[RECORDS TO USE Boundary: Start]
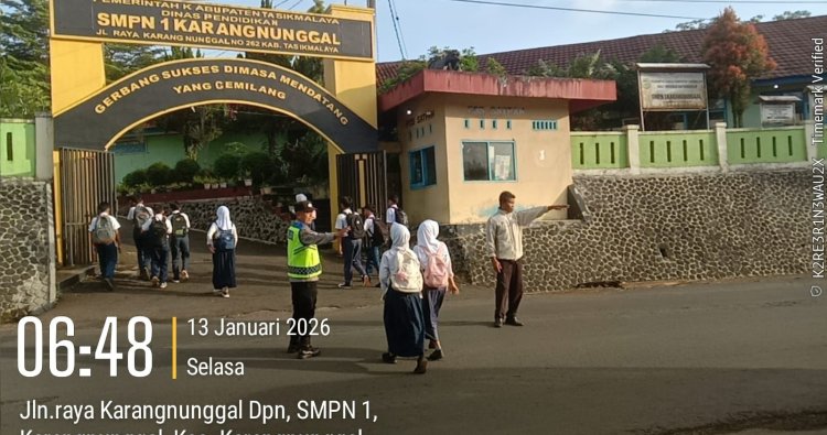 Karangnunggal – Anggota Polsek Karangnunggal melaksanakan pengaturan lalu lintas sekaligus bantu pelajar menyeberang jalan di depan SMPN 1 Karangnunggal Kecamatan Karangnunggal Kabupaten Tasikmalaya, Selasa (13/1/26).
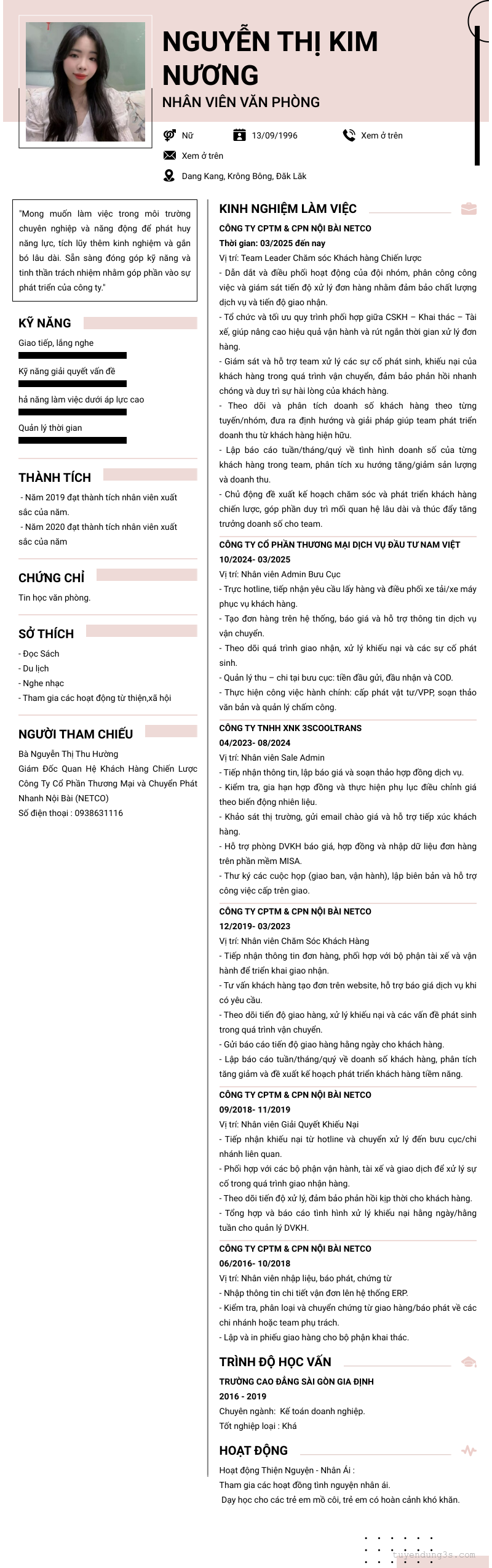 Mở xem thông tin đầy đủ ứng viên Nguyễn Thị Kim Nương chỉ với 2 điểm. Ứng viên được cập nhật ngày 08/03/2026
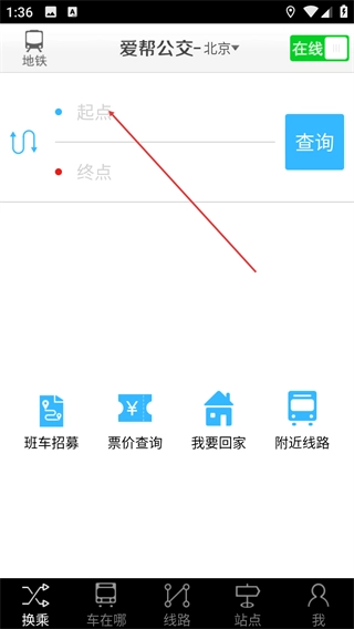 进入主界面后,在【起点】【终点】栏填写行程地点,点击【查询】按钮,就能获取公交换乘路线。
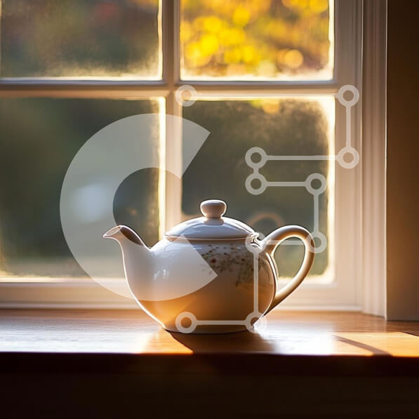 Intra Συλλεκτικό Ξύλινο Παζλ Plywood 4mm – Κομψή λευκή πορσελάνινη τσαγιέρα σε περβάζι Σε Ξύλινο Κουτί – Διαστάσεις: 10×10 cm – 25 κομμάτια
[RECORDS TO USE Boundary: End]
[RECORDS TO USE Boundary: Start]
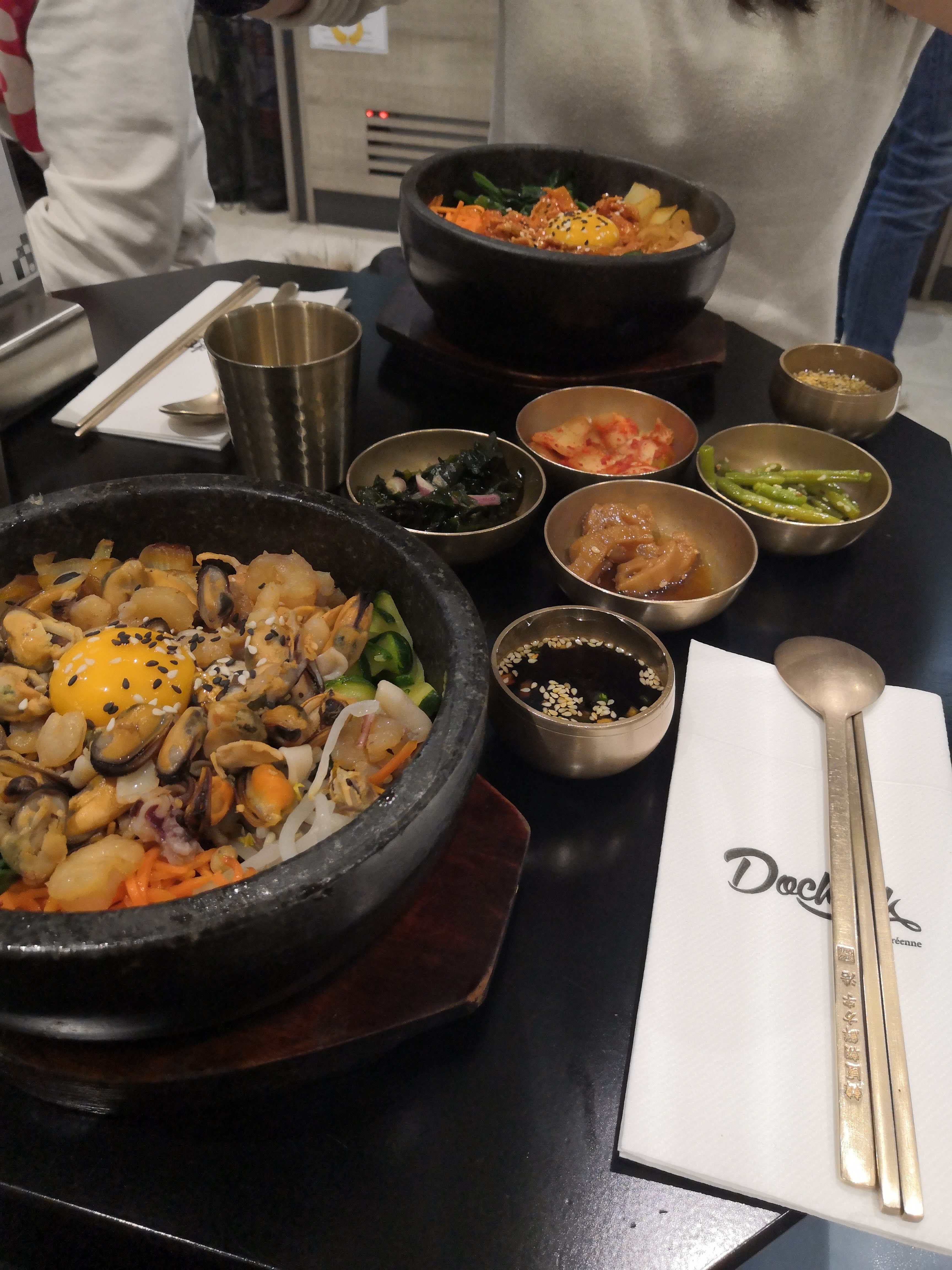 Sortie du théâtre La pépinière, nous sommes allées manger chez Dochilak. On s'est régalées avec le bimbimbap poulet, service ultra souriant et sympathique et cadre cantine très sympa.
[RECORDS TO USE Boundary: End]
[RECORDS TO USE Boundary: Start]
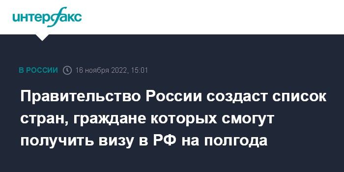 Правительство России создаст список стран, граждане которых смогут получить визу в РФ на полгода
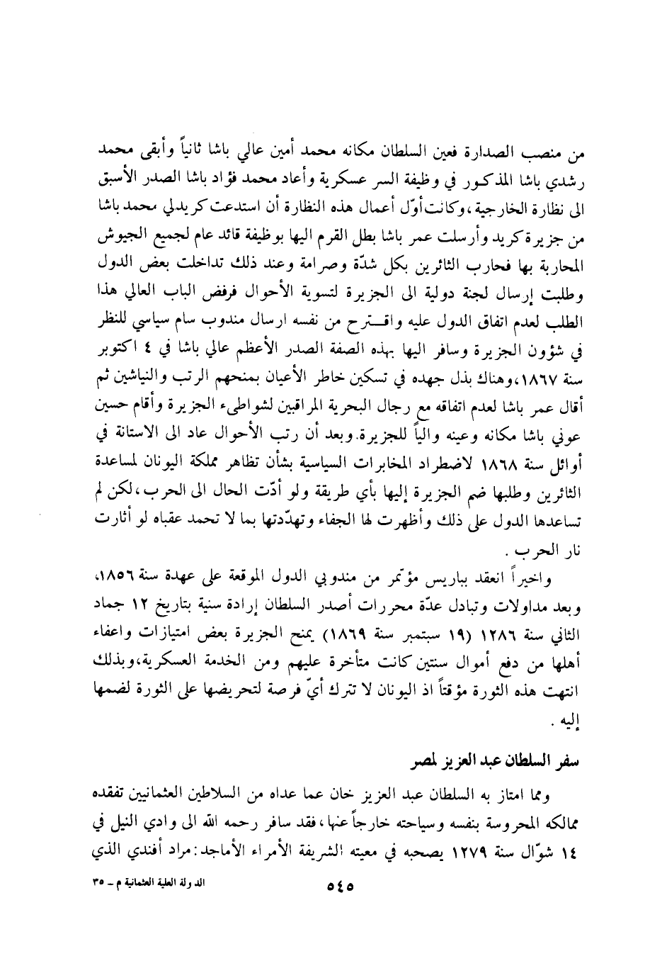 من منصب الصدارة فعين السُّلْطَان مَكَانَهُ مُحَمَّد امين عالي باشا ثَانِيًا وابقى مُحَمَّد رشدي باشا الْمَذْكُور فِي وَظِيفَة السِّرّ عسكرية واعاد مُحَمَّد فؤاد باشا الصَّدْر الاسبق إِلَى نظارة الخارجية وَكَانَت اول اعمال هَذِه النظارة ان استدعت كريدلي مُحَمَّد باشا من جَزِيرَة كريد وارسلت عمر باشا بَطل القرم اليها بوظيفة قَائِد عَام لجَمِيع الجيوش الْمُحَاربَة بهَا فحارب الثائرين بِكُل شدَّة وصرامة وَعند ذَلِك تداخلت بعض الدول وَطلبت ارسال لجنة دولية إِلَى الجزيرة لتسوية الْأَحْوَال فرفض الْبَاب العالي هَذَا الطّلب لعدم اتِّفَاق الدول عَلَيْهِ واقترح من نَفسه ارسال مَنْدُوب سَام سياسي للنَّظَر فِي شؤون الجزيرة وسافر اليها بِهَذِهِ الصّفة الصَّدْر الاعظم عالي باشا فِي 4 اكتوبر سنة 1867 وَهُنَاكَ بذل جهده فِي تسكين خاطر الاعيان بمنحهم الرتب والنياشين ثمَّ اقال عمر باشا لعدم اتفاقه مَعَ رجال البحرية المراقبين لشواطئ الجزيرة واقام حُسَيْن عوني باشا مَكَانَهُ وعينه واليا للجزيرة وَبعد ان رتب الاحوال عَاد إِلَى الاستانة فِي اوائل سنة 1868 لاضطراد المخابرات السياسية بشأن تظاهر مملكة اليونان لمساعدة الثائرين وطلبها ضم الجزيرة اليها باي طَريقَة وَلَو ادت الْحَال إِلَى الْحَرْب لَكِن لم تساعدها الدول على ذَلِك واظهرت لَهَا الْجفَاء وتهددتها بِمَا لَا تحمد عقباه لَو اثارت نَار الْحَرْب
[RECORDS TO USE Boundary: End]
[WHAT IS REQUIRED]: From the line with "Mở xem thông" up to and including the line with "Intra Συλλεκτικό Ξύλινο" above, retype every line exactly and nothing more; leave out the pictures.

[EXERCISE ANSWER]:
 Mở xem thông tin đầy đủ ứng viên Nguyễn Thị Kim Nương chỉ với 2 điểm. Ứng viên được cập nhật ngày 08/03/2026
 进入主界面后,在【起点】【终点】栏填写行程地点,点击【查询】按钮,就能获取公交换乘路线。
 Intra Συλλεκτικό Ξύλινο Παζλ Plywood 4mm – Κομψή λευκή πορσελάνινη τσαγιέρα σε περβάζι Σε Ξύλινο Κουτί – Διαστάσεις: 10×10 cm – 25 κομμάτια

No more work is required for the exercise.